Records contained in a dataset
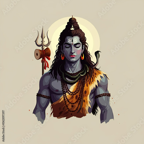 © Deepa, Fototapeta premium Representation of Lord Shiva, a revered deity in Hinduism, symbolizing destruction, creation, and ultimate spiritual power
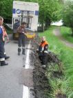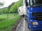 Der vollbeladene Hänger rutschte über das Bankett und drohte
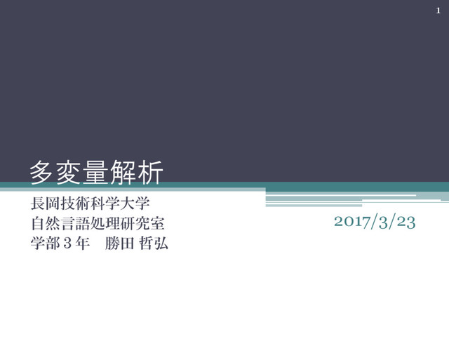 多変量解析 長岡技術科学大学 自然言語処理研究室 学部3年 勝田 哲弘 1 2017/3/23
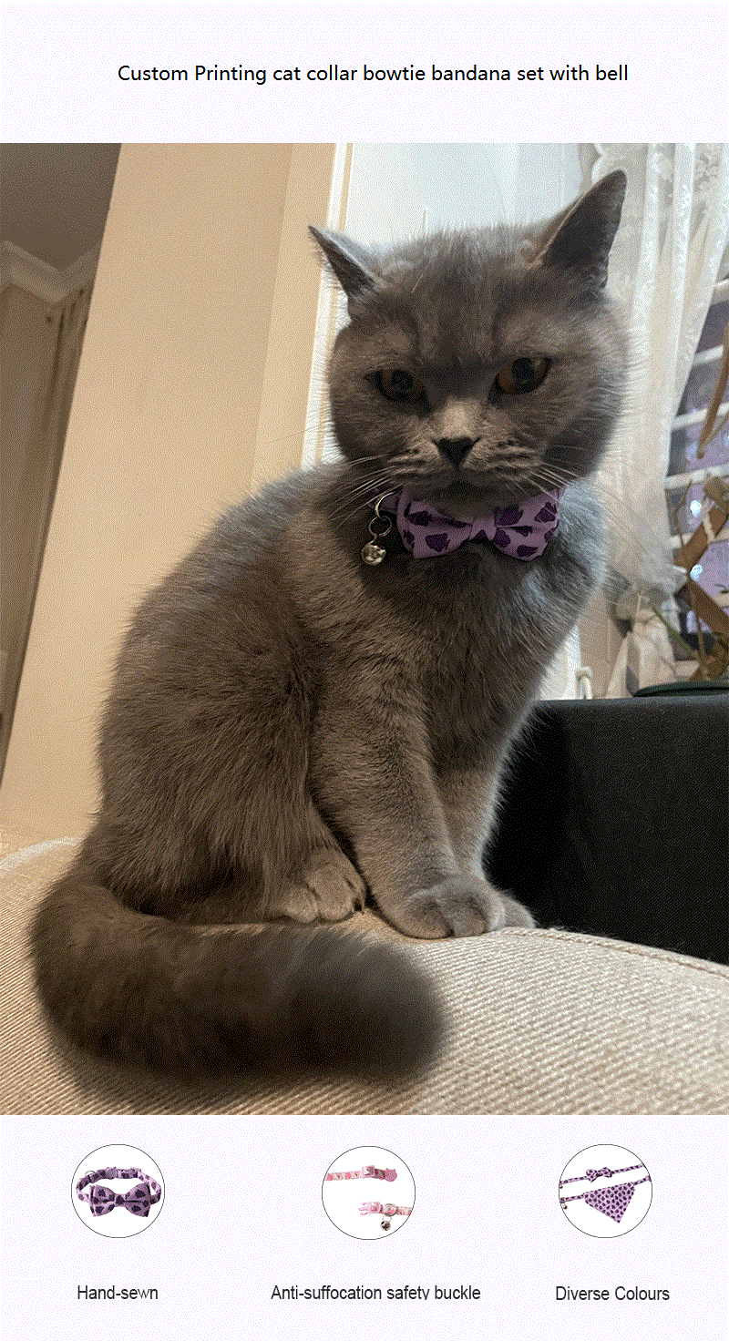 Enhance your feline accessory line with our custom printed cat collar bowtie bandana set with a bell. This stylish and functional set is perfect for cat owners looking for both elegance and practicality.
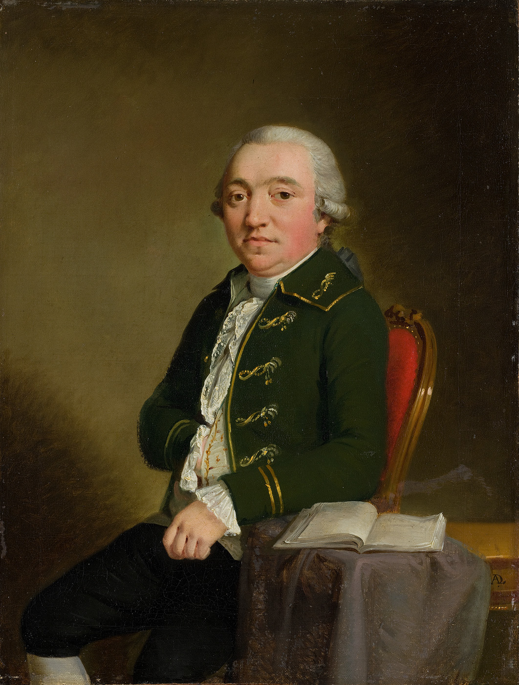 Tegen een vaal lichtgroene achtergrond een heer met grijs mozart-kapsel, zittend op een stoel met rode rugleuning, driekwart naar links, de ogen op de beschouwer gericht. Hij leunt met zijn linker onderarm op een smalle tafel met doek erover, waarop opgeslagen boek. Hij draagt een vaalgroen jasje met gouden tressen, een licht vest waaronder kantstroken en waartussen zijn rechterhand.
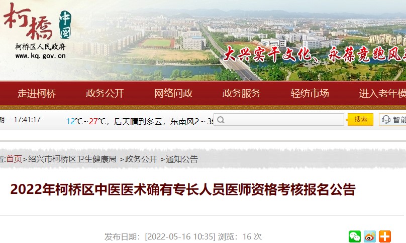 根据国家中医药管理局有关工作要求和《浙江省卫生计生委关于印发浙江省中医医术确有专长人员医师资格考核注册管理实施细则的通知》(浙卫发〔2018〕34号)《浙江省卫生健康委员会关于修改<浙江省中医医术确有专长人员医师资格考核注册管理实施细则>的决定》(浙卫发〔2019〕39号)有关规定,现将2022年柯桥区中医医术确有专长人员医师资格考核报名工作有关事项公告如下:
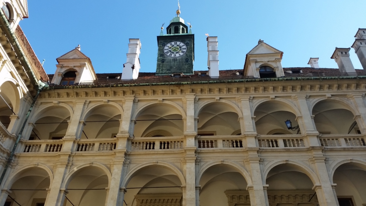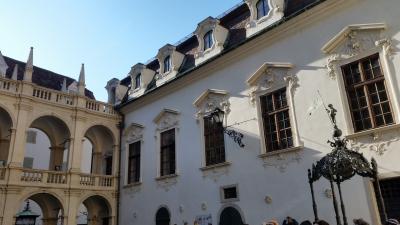 ツアーで訪問しました。外側からは良く分かりませんが、中庭に入ると、17世紀のルネッサンス様式の建物と言うことがよくわかります。1557年から1565年に建てられたそうです。隣の市庁舎よりも古い建物です。
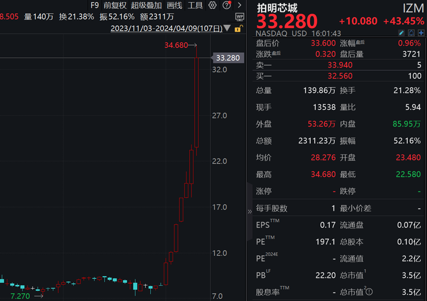 中国电子元件供应商拍明芯城单日大涨逾43%,4月份以来累计涨近300%。
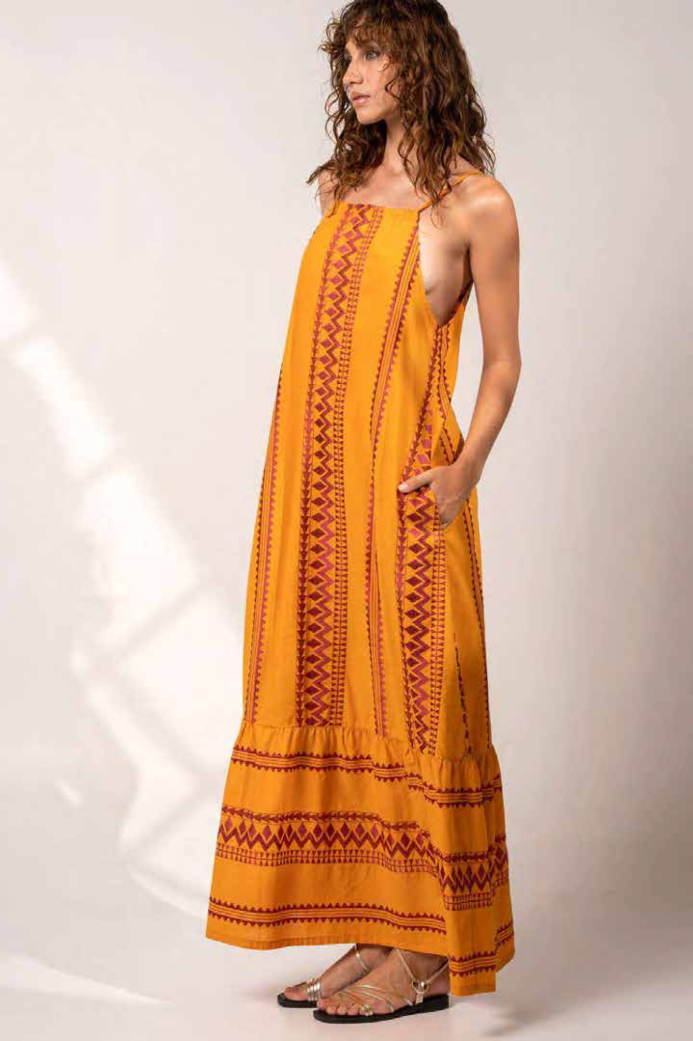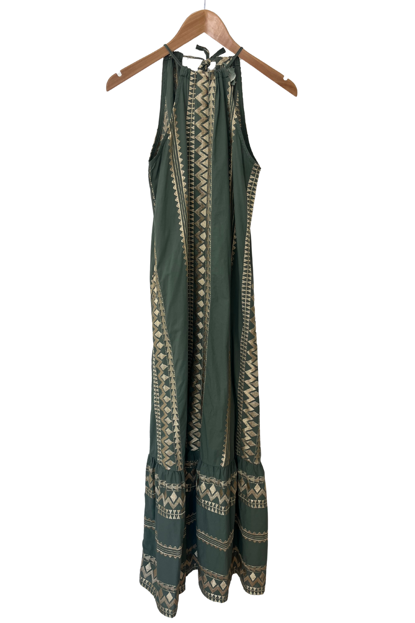 This Aether Concept Dress features a sophisticated maxi silhouette in khaki, accentuated by subtle gold detailing for a refined touch. Its sleeveless design with delicate thin straps and a squared neckline offers an elegant frame, while the tiered skirt adds movement and depth.
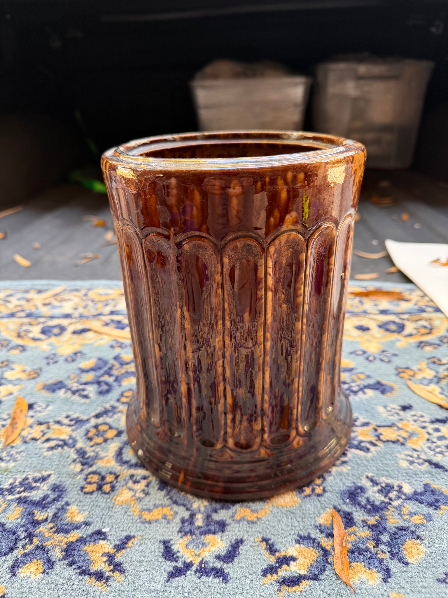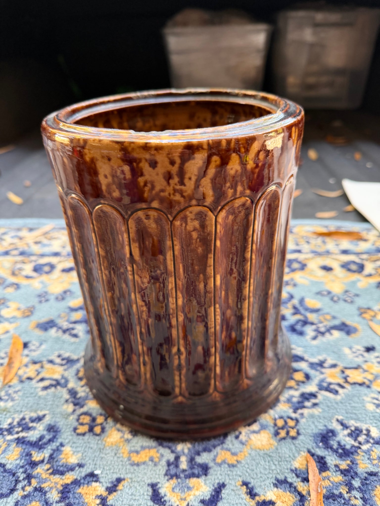 A handsome piece of utilitarian pottery, this vintage brown glazed stoneware crock captures the rustic charm of early-to-mid 20th-century American kitchenware. With its deep chocolate-brown glaze and classic vertical ribbed “barrel” design, this crock was likely used for storing butter, pickles, or preserves — a fine example of durable craftsmanship from a bygone era.
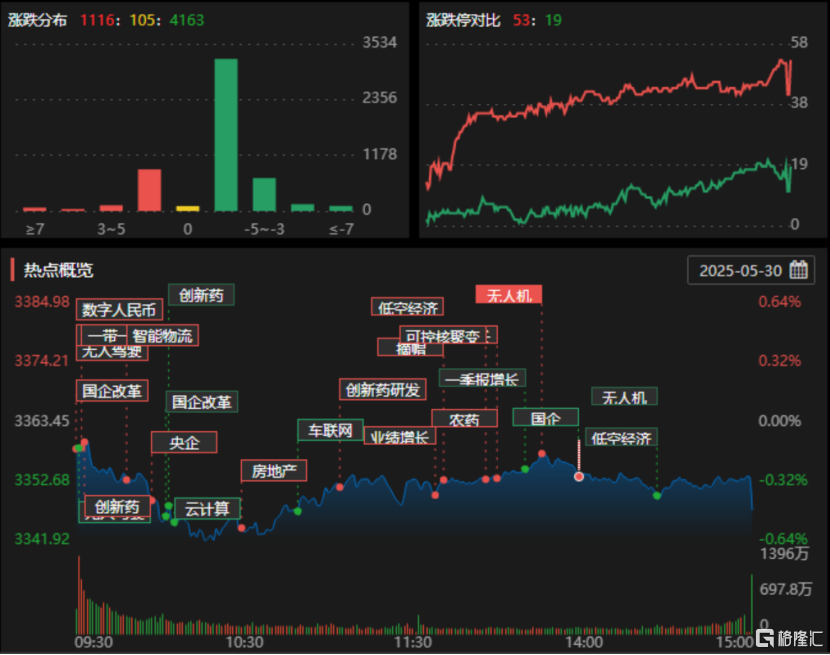 5月30日,A股三大指数震荡走低,创业板指领跌。截至收盘,沪指跌0.47%,深成指跌0.85%,创业板指跌0.96%,科创50跌0.94%,北证50指数跌0.51%。全市场成交额11642亿元,较上日缩量492亿元;超4100只个股飘绿。
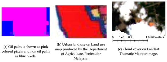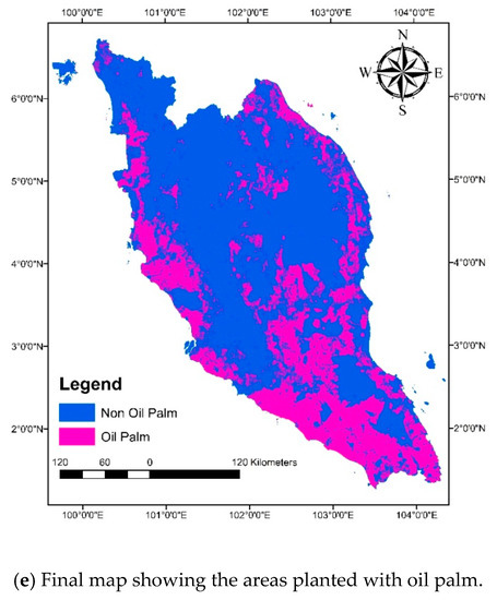 Moreover, some of the small holders’ plantations do not have an exact area calculation because they might have additional plantations on their own lands after registering with MPOB. Since in this study we used optical imagery to remove the built up areas, there may be a limitation of removal due to cloud cover. Figure 6 shows one of the locations (1°21′23.45″ N, 103°33′49.05″ E) where cloud cover from a Landsat 8 image (Figure 6c) caused misclassification (built up area was misclassified as oil palm, Figure 6a,b) and it was irremovable from the classified image. Therefore, this limitation may have also contributed to the overestimation of oil palm area.
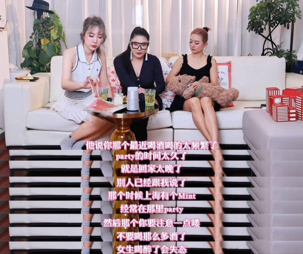 谢贤没有那么很严厉的说教,只是告诉她最近喝酒太频繁了,Party的时间也太长,回家有点晚了,女生喝醉了酒会失态,这样不好。

- What is being asked:
Write out again exactly the lines above from the one with "多変量解析 長岡技術科学大学 自然言語処理研究室" through the one with "This Aether Concept", adding no other lines and no pictures.

- Expected answer:
 多変量解析 長岡技術科学大学 自然言語処理研究室 学部3年 勝田 哲弘 1 2017/3/23
 Enhance your feline accessory line with our custom printed cat collar bowtie bandana set with a bell. This stylish and functional set is perfect for cat owners looking for both elegance and practicality.
 Tegen een vaal lichtgroene achtergrond een heer met grijs mozart-kapsel, zittend op een stoel met rode rugleuning, driekwart naar links, de ogen op de beschouwer gericht. Hij leunt met zijn linker onderarm op een smalle tafel met doek erover, waarop opgeslagen boek. Hij draagt een vaalgroen jasje met gouden tressen, een licht vest waaronder kantstroken en waartussen zijn rechterhand.
 根据国家中医药管理局有关工作要求和《浙江省卫生计生委关于印发浙江省中医医术确有专长人员医师资格考核注册管理实施细则的通知》(浙卫发〔2018〕34号)《浙江省卫生健康委员会关于修改<浙江省中医医术确有专长人员医师资格考核注册管理实施细则>的决定》(浙卫发〔2019〕39号)有关规定,现将2022年柯桥区中医医术确有专长人员医师资格考核报名工作有关事项公告如下:
 ツアーで訪問しました。外側からは良く分かりませんが、中庭に入ると、17世紀のルネッサンス様式の建物と言うことがよくわかります。1557年から1565年に建てられたそうです。隣の市庁舎よりも古い建物です。
 中国电子元件供应商拍明芯城单日大涨逾43%,4月份以来累计涨近300%。
 This Aether Concept Dress features a sophisticated maxi silhouette in khaki, accentuated by subtle gold detailing for a refined touch. Its sleeveless design with delicate thin straps and a squared neckline offers an elegant frame, while the tiered skirt adds movement and depth.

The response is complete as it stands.